Lesson Scenario- Simple Sick Model (AgentSheets)

Basic Model:

Description

This is an agent-based model that shows the spread of disease. The user is able to control the initial amount of healthy/sick people and the infection rate. The sick are red sad faces and the healthy are blue smiley faces. When a sick face comes into contact with a healthy face, the healthy face has a chance of becoming sick (the infection rate).

Background Information

This model shows the spread of diseases that eventually turns into an epidemic because of how large the population is. Similar to real life, when a disease starts to affect more than a few people in one area, such as a city, then it becomes an epidemic. For example, the swine flu, the regular flu, and meningitis all started out small but then spread to many people and affected people from other cities and states. Also, when a sick and healthy person comes into contact, the healthy person does not become sick immediately. It may take a healthy person interacting with sick people continuously to become sick. This depends on the infection rate of the disease.

Science/Math

The math subject that is presented in this model is probability. Get sick = number interactions * infection rate. It is not usual that a person will become sick the moment they are with a sick person. Usually, there are a certain number of interactions and a chance they will become sick. Also, the population graphs for the sick and healthy follow the equation, HAVE = HAD + CHANGE. For each, the current amount of sick/healthy (HAVE) is equal to the previous amount (HAD) plus the CHANGE in the population (ie. healthy getting sick, sick dying/getting better, etc.)

Teaching Strategies

First, have a discussion with students about various diseases and what is an epidemic. Examples illustrating an epidemic include the flu, swine flu and, more historically, the Black Death. Next, have the students open the model and run it with the default values. Students should run the model at medium speed to see what is going on. Then, have the students open the simulation properties (click on the circled arrow) window and change the infection rate. The different rates can be broken down into groups. The groups can be infection rates of 1, 10, 15, and 30. It may be easier to track if more agents are added. The agents are added by clicking the gray rectangle, the blue face, and dragging the faces next to the red face so a rectangle forms. It will be seen that the higher the infection rate, the faster the disease will spread.

Implementation

How to use the Model

The elements of the model are the faces and infection rate. These two are the only parameters that can be changed. The blue faces represent healthy people; the red faces represent sick people.

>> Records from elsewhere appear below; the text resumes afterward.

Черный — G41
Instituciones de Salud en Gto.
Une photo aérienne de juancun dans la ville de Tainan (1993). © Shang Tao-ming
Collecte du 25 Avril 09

By using the system properties window, the user can change the infection rate. The higher the rate, the more likely people will become sick and vice versa. Running the model is simple. If the user wants more population density, they can add more agents onto the environment. To increase density, the added faces must be put into a clump. While running the model the user can choose to manipulate the speed at which it runs. There is a slider bar at the bottom that says "slow" and "fast". Users maneuver the slider bar to their preference. For more information about AgentSheets reference the AgentSheets tutorial at: http://shodor.org/tutorials/agentSheets/Introduction.

Learning Objectives

  1. How population density affects the spread of disease
  2. Understanding Probability

Objective 1

Population density is how tightly packed a population is in an environment. To test this, students should experiment with different amount of population clumps. Then, record how long it takes for the disease to spread. Also, have the students change the layout of the world tiles below (able to simulate a quarantine area of a building/hospital)

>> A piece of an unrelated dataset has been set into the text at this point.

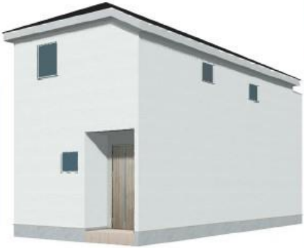
※完成予想図/このハウスは実物を基にしたもので実際とは多少異なる場合がございます。

[物件概要] □所在地/〔地番〕埼玉県さいたま市緑区宮本2-3-15、(住居表示)埼玉県さいたま市緑区宮本2丁目3-15 □土地権利/所有権 □地目/宅地 □総棟数/1棟 □販売棟数/1棟 □建物構造/木造在来軸組工法2階建(910モジュール) □都市計画/市街化区域 □用途地域/第1種低層住居専用地域 □建ぺい率/60% □容積率/100% □設備/東京電力・都市ガス・公営水道・本下水口接続状況/北東側11.9m公道 □現状/造成中 □完成/2025年2月上旬予定 □引渡し/2025年2月上旬予定 □備考/※広告の取扱いに関しては法令遵守にてお願ひします。 ※納戸・照明・濡縁・カーテンレール・防水パン・カーポートはオプションとなります。 ※宅地内に電柱及び支線が入る場合があります。 ※司法書士は、当社指定になります。 ※図面と現況に相違がある場合は現況優先とします。 ※全棟が長期優良住宅対象物件です。 広告有効期限/2024年11月29日

  • Does it take longer for the disease to spread in more densely populated areas or less densely populated areas?
  • Is this true in reality?
  • Does having a quarantine area help stop the spread of disease? In the short-term? In the long-term? Why?

Objective2

The infection rate is the chance that a healthy person will get sick if they interact with a sick person. To see how probability affects the model, have students pick different infection rates to test and set.

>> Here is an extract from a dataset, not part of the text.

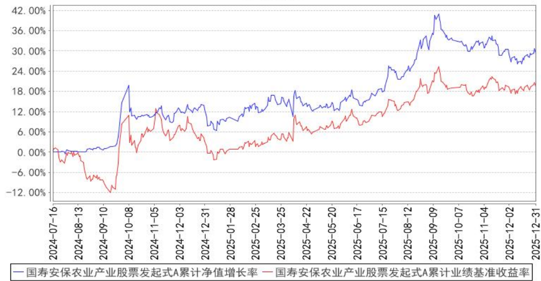
国寿安保农业产业股票发起式A累计净值增长率与同期业绩比较基准收益率的历史走 势对比图

  • How does the probability affect the rate diseases spread?
  • As the number of molecules increased in the system, what seemed to happen to the movement of the molecules? Thinking back to the mathematical equation or the classroom analogy, what do you think happened with the pressure?
  • Suppose the disease killed the infected very quickly. Would this affect the rate at which the disease spreads? How? Why?

Extensions

  1. Additions to the model to make more complex/realistic (ie. recovery rate, doctors, death, immunity)
  2. Explore the idea of geographical isolation (by changing the worksheet layout)

Extension 1

In reality, most people are usually able to recover after a while of being sick. This extension would be causing the sick to become well again after a period of time. Then, since they have gotten over the sickness they will become immune for an adjustable amount of time. Meanwhile, doctors would cure the sick they encounter. Also, there should be an adjustable percent chance that the sick is not able to recover and pass away.

  • How do these changes affect the spread of disease? Individually? As a whole?
  • What will be the ending result after a long period of time?
  • If you tasked the students to infect (and kill) the entire population using disease, what would the values be for each parameter? Would making an extremely high infection rate and death rate yield the desired outcome?

Extension 2

Different layouts, whether within the confines of a building or due to the landscape of the outside environment can affect the spread of disease. Have the students first build a worksheet with a quarantine zone full of infected connected to a "healthy zone" using a narrow hallway. Next, have them try to build a world that does not allow for the spread of disease (yet still has everything connected).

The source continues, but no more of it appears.